[[ Exercise data open ]]
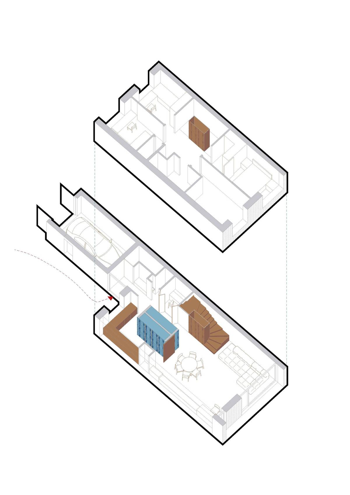 Zatímco v horním podlaží nebylo třeba měnit dispozici, v přízemí ji upravili.
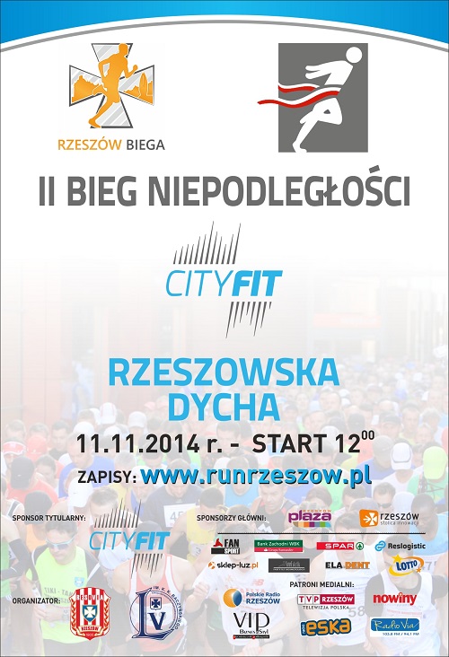 11 listopada, we wtorek, w samo południe wystartuje II Bieg Niepodległości – Rzeszowska Dycha. To ostatnia z trzech imprez organizowanych w ramach projektu Rzeszów BIEGA 2014, po półmaratonie i maratonie.Chętni, którzy zdecydują się na przebiegnięcie 10 km, wystartują z placu przy klubie fitness CITYFIT przy ul. Rejtana.
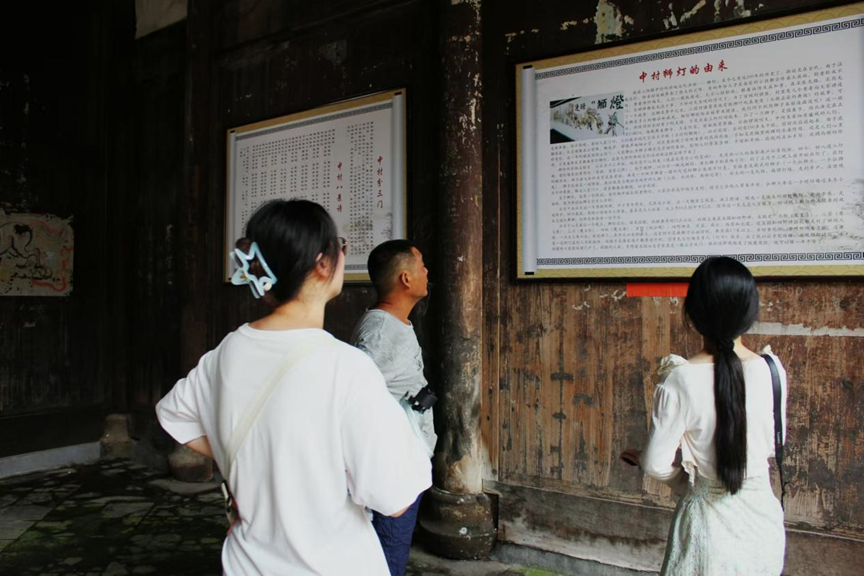 一件件戏服精美绝伦、一股股刺绣惟妙惟肖、一阵阵鼓声雄浑激荡......走进中村舞狮灯展览馆,展厅中的舞狮非遗展品精彩纷呈,村支部书记吕彦水带领实践团成员进行参观,在村书记的介绍中,成员们了解到舞狮灯距今已有200年的历史,传达了村民对幸福、和谐生活的热切期盼。
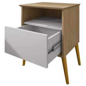Mesa de Cabeceira Cancum, funcionalidade sem perder o estilo. Estrutura em MDP/MDF com acabamento em pintura UV texturizada. Conta com gaveta, corrediças metálicas, nicho, tampo com borda chanfrada (MDF) e pés palito em madeira maciça (Pinus). Este produto será entregue em 1 volume.
[[ Exercise data closed ]]
▶ [Exercise] Output only these lines, word for word: the line containing "11 listopada, we" and every line after it through the last line of the data. Omit the pictures.

▶ [Answer to this problem]
 11 listopada, we wtorek, w samo południe wystartuje II Bieg Niepodległości – Rzeszowska Dycha. To ostatnia z trzech imprez organizowanych w ramach projektu Rzeszów BIEGA 2014, po półmaratonie i maratonie.Chętni, którzy zdecydują się na przebiegnięcie 10 km, wystartują z placu przy klubie fitness CITYFIT przy ul. Rejtana.
 一件件戏服精美绝伦、一股股刺绣惟妙惟肖、一阵阵鼓声雄浑激荡......走进中村舞狮灯展览馆,展厅中的舞狮非遗展品精彩纷呈,村支部书记吕彦水带领实践团成员进行参观,在村书记的介绍中,成员们了解到舞狮灯距今已有200年的历史,传达了村民对幸福、和谐生活的热切期盼。
Mesa de Cabeceira Cancum, funcionalidade sem perder o estilo. Estrutura em MDP/MDF com acabamento em pintura UV texturizada. Conta com gaveta, corrediças metálicas, nicho, tampo com borda chanfrada (MDF) e pés palito em madeira maciça (Pinus). Este produto será entregue em 1 volume.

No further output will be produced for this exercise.